F-1,6-bisphate is hydrolysed and Pi is lost

Hydrolysis of fructose-1,6-bisphosphate ester is thermodynamically favourable

Question 11

Bypassing the irreversible steps to glycolysis:

How is Glucose-6-phosphate converted to Glucose?

Answer 11

G-6-phate is hydrolysed and Pi is lost

Hydrolysis of G-6-phate is thermodynamically favourable

Question 12

Define Glucose-6-phosphatase

Answer 12

Membrane-bound enzyme localised on the smooth endoplasmic reticulum

Only present in liver and kidney

Has a high Km for Glucose-6-phosphate

Only active when substrate levels are high (substrate-level control)

Question 13

Why is Gluconeogenesis regulated?

Answer 13

Meet major needs in the body:
1) ATP production

2) Production of precursors for other metabolic pathways

3) Conversion of pyruvate to glucose:
- To maintain blood [glucose] when alternative sources are exhausted
- Flux of metabolites through pathways must be tightly regulated
- Response to both intracellular and extracellular conditions

Question 14

what 3 points are the pathways regulated?

Answer 14

1) Phosphorylation of glucose
2) Phosphorylation of fructose-6-phosphate
3) formation of pyruvate and ATP

All three steps are essentially irreversible under cellular conditions

Question 15

What 3 different types of regulation controls enzyme activity?

Answer 15

Allosteric regulation: By substrate, products or effects (activators/inhibitors)

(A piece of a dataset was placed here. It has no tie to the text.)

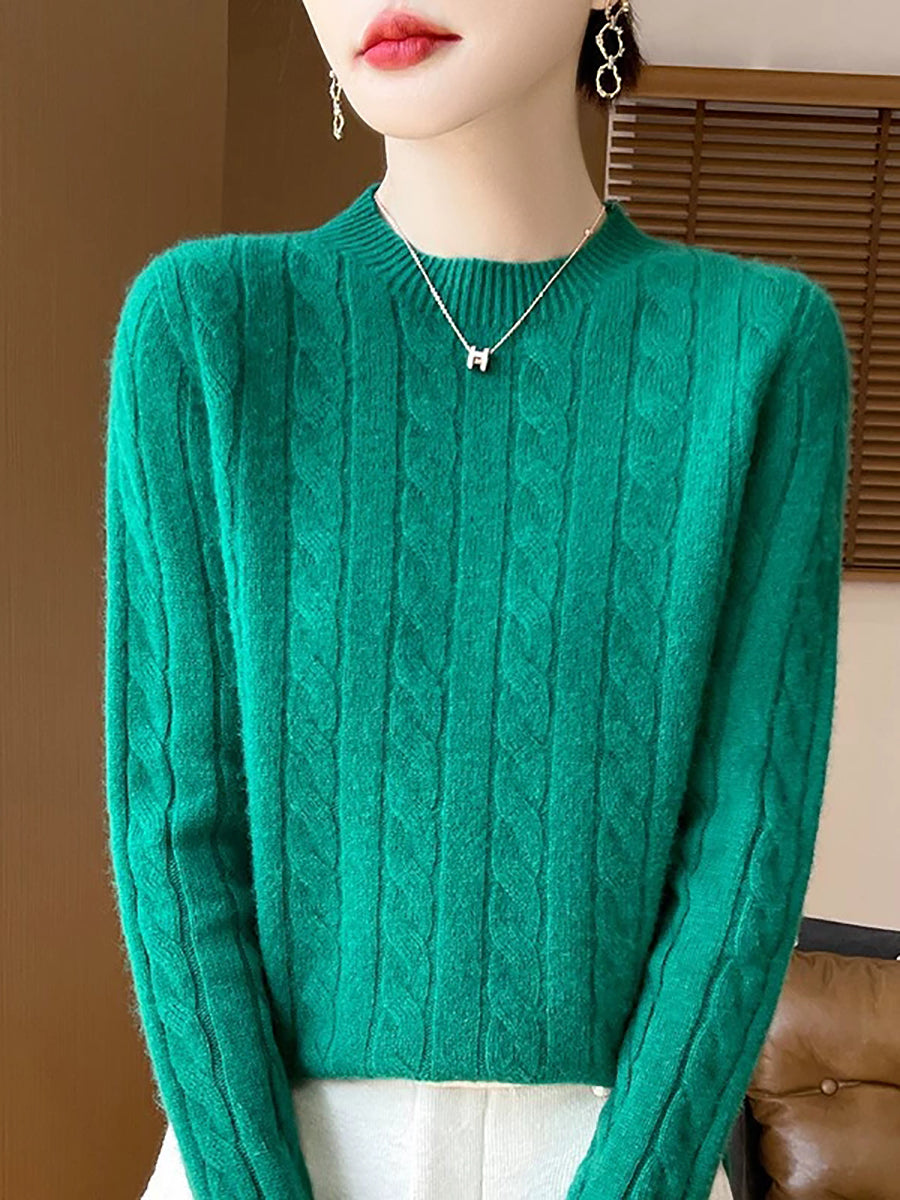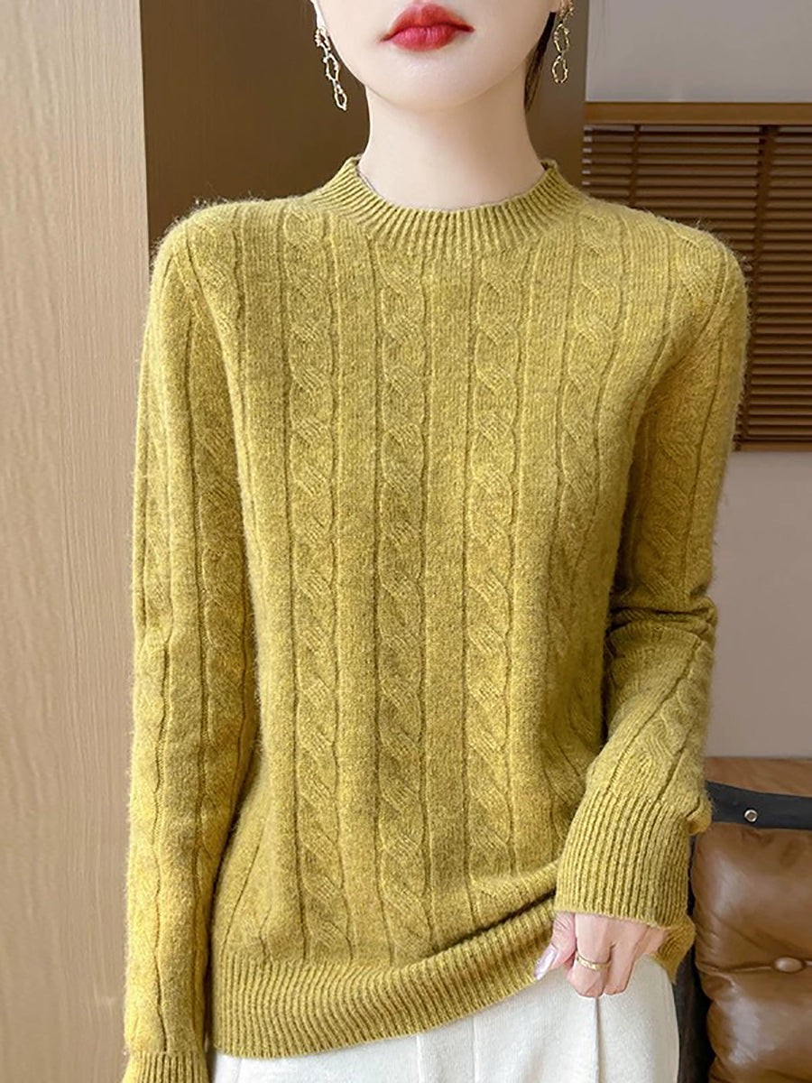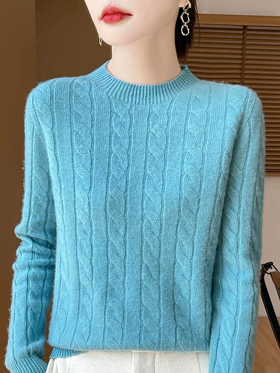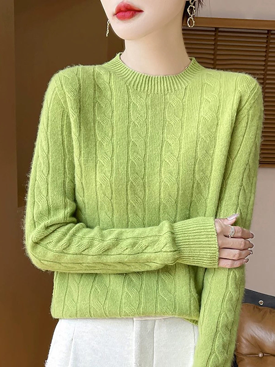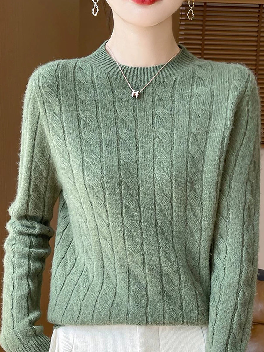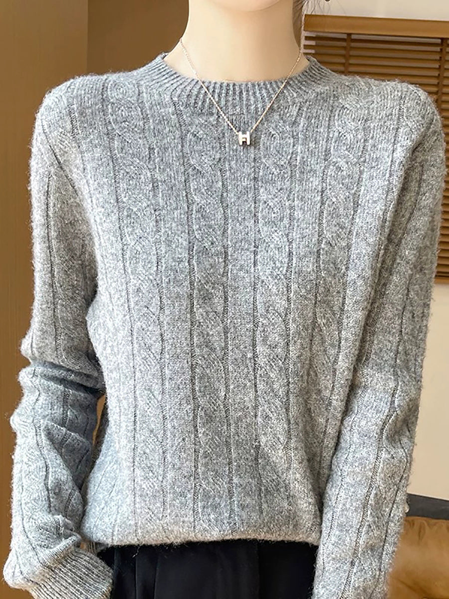 Women Casual Spring Cable-knit O-Neck Sweater

Covalent modification (phosphorylation)

Transcriptional activation

Question 16

Regulation of Hexokinase: Whats the role of Hexokinase?

Answer 16

Effectively commits glucose to a fate within the cell

Glucose-6-phosphate can have a number of cellular fates

Question 17

What inhibits hexokinase and how?

Answer 17

Glucose-6-phosphate is an allosteric inhibitor of hexokinase

Glucose-6-phosphate accumulates when all glucose-requiring pathways within the cell are full

Inhibits further glucose phosphorylation

Question 18

How does the regulation of Glucokinase differ from Hexokinase?

Answer 18

Important because of its role in glucose homeostasis

Predominant isoform present in the liver

Glucokinase has a higher Km for glucose

Affinity is approximately 50-fold lower than hexokinase

The liver only takes up glucose when blood [glucose] is high

Question 19

What regulates Glucokinase activity?

Answer 19

Fructose phosphates

Question 20

Glucokinase is inhibited by?

Answer 20

Fructose-6-phosphate: Glucose-6-phosphate (a precursor of glycogenesis) does not inhibit.

Question 21

What inhibits glucokinase?

Answer 21

Glucokinase regulatory protein:

GRP is present in liver cells

Binds to GK in the presence of fructose-6-phosphate

Glucose flux via glucokinase in the liver is usually low as a result

Question 22

Why does Fructose-1-phosphate compete for bind sites on GRP?

Answer 22

Only present after a carbohydrate-rich meal

Fructose-1-phosphate relieves inhibitory effect of GRP on glucokinase

Liver, therefore, acts as a major control point in maintaining blood glucose levels

Beta-islet cells in the pancreas also contain glucokinase and GRP

Question 23

Explain the regulation of glucose-6-phosphatase

Answer 23

High Km (substrate-level regulation)

The enzyme is only active when levels of glucose-6-phosphate

Levels only rise when all other pathways requiring glucose-6-phosphate are full

Question 24

Formation of fructose-1,6-bisphosphate represents?

Answer 24

Regulation of phosphofructokinase-1 which is a committed step in glycolysis

Question 25

What allosteric effectors does PFK-1 have?

Answer 25

ATP and Citrate
ADP
AMP

Question 26

allosteric effectors of PFK-1: What do ATP and Citrate do?

Answer 26

Signal a high energy state within the cell

ATP is a potent inhibitor of PFK-1 (decreases affinity for fructose-6-phosphates)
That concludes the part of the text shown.